**ABOUT THIS TASK**
Print the entire listing below word for word, excluding its pictures.

-- EXERCISE DATA follows --

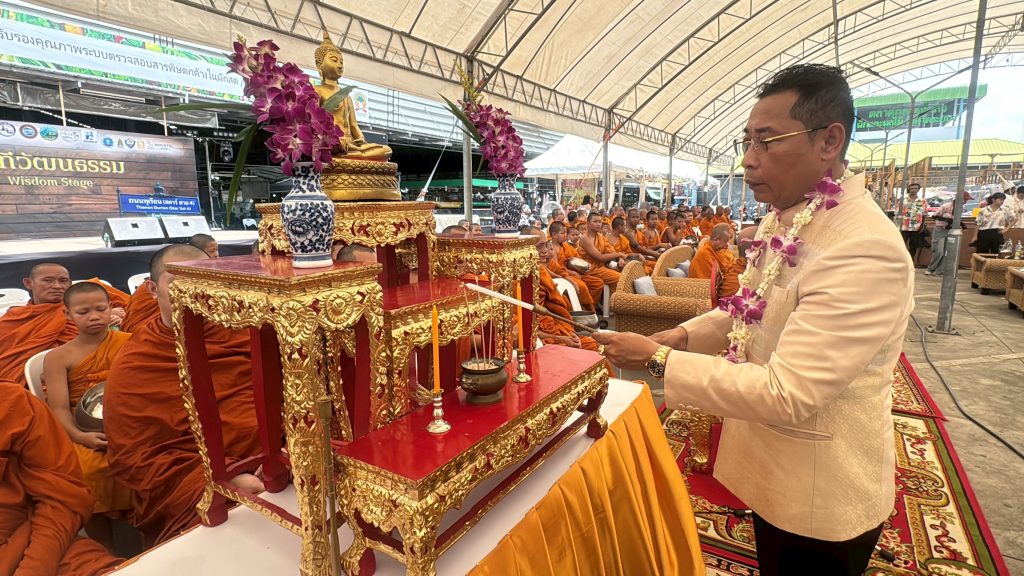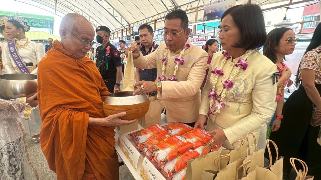 มาร่วม มีศาลระยอง หัวหน้าส่วนราชการ อบจ. สมาคม ชมรมต่างๆมาร่วมมประชาชนมาร่วมตักบาตร 500คน ยาว200เมตร หลังจากทำบุญตักบาตร รดน้ำเกจิอาจารย์วัดดัง9วัด ช่วงค่ำเปิดคอนเสิร์ทวงดนตรีฟรีเพื่อให้หนุ่มสาวได้มาร่วมสนุกกันเต็มที่
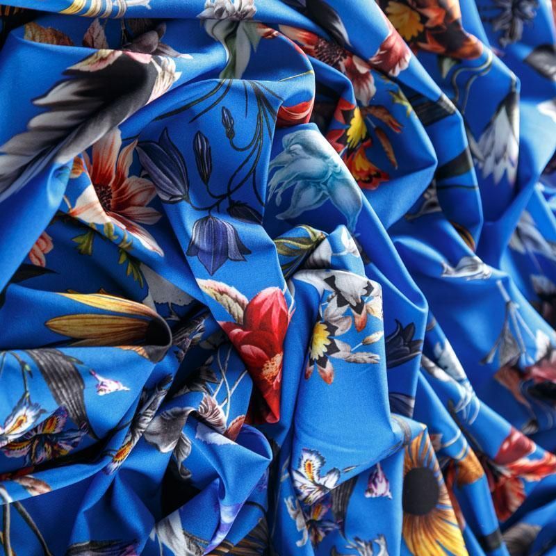 Легкая набивная ткань с цветочным принтом имеет высокую прочность, большую износоустойчивость. Ткань упругая, мягкая и хорошо драпируется, тянется за счет эластана в составе, образует струящиеся складки. Идеально подойдет для пошива блуз, юбок, платьев, сарафанов.
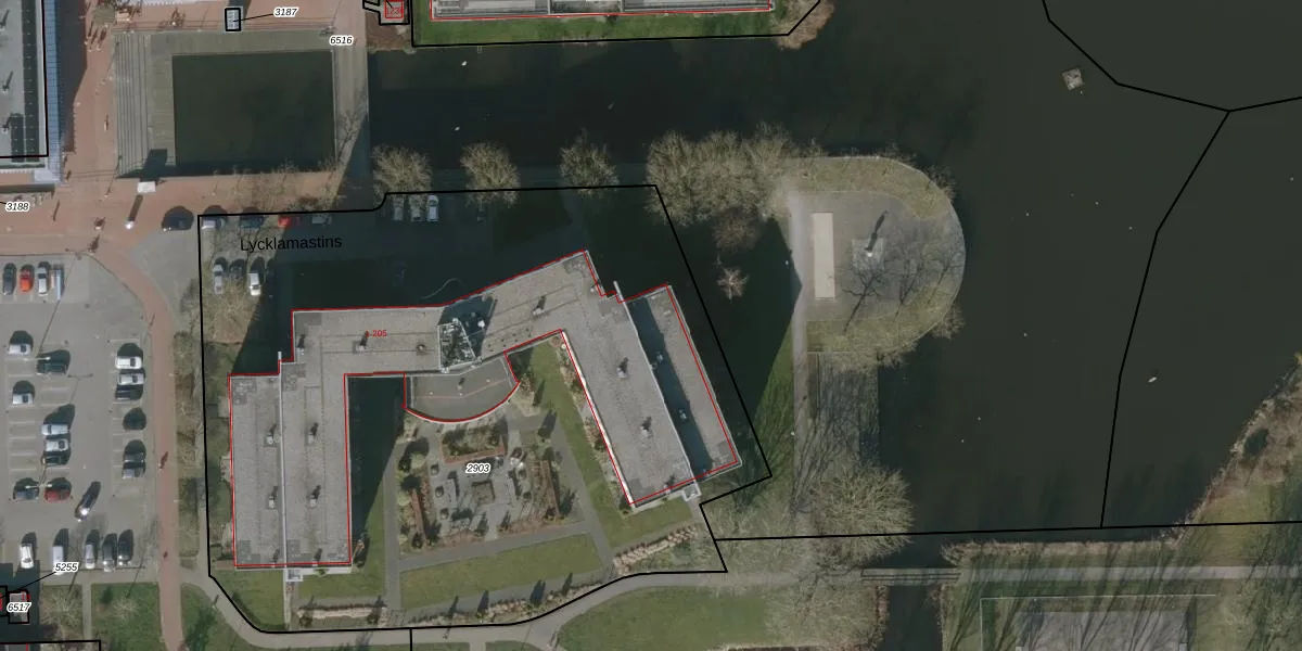 Het perceel waarop Lycklamastins 33 staat heeft een oppervlakte van 4984 m². Dit is een zeer groot perceel. De perceeloppervlakte wordt geregistreerd door het Kadaster. Gedetailleerde informatie over de maten van dit perceel kunt u vinden in het rapport Kadastrale kaart met maatvoering van Lycklamastins 33.

-- EXERCISE DATA concluded --

**EXERCISE ANSWER**
 มาร่วม มีศาลระยอง หัวหน้าส่วนราชการ อบจ. สมาคม ชมรมต่างๆมาร่วมมประชาชนมาร่วมตักบาตร 500คน ยาว200เมตร หลังจากทำบุญตักบาตร รดน้ำเกจิอาจารย์วัดดัง9วัด ช่วงค่ำเปิดคอนเสิร์ทวงดนตรีฟรีเพื่อให้หนุ่มสาวได้มาร่วมสนุกกันเต็มที่
 Легкая набивная ткань с цветочным принтом имеет высокую прочность, большую износоустойчивость. Ткань упругая, мягкая и хорошо драпируется, тянется за счет эластана в составе, образует струящиеся складки. Идеально подойдет для пошива блуз, юбок, платьев, сарафанов.
 Het perceel waarop Lycklamastins 33 staat heeft een oppervlakte van 4984 m². Dit is een zeer groot perceel. De perceeloppervlakte wordt geregistreerd door het Kadaster. Gedetailleerde informatie over de maten van dit perceel kunt u vinden in het rapport Kadastrale kaart met maatvoering van Lycklamastins 33.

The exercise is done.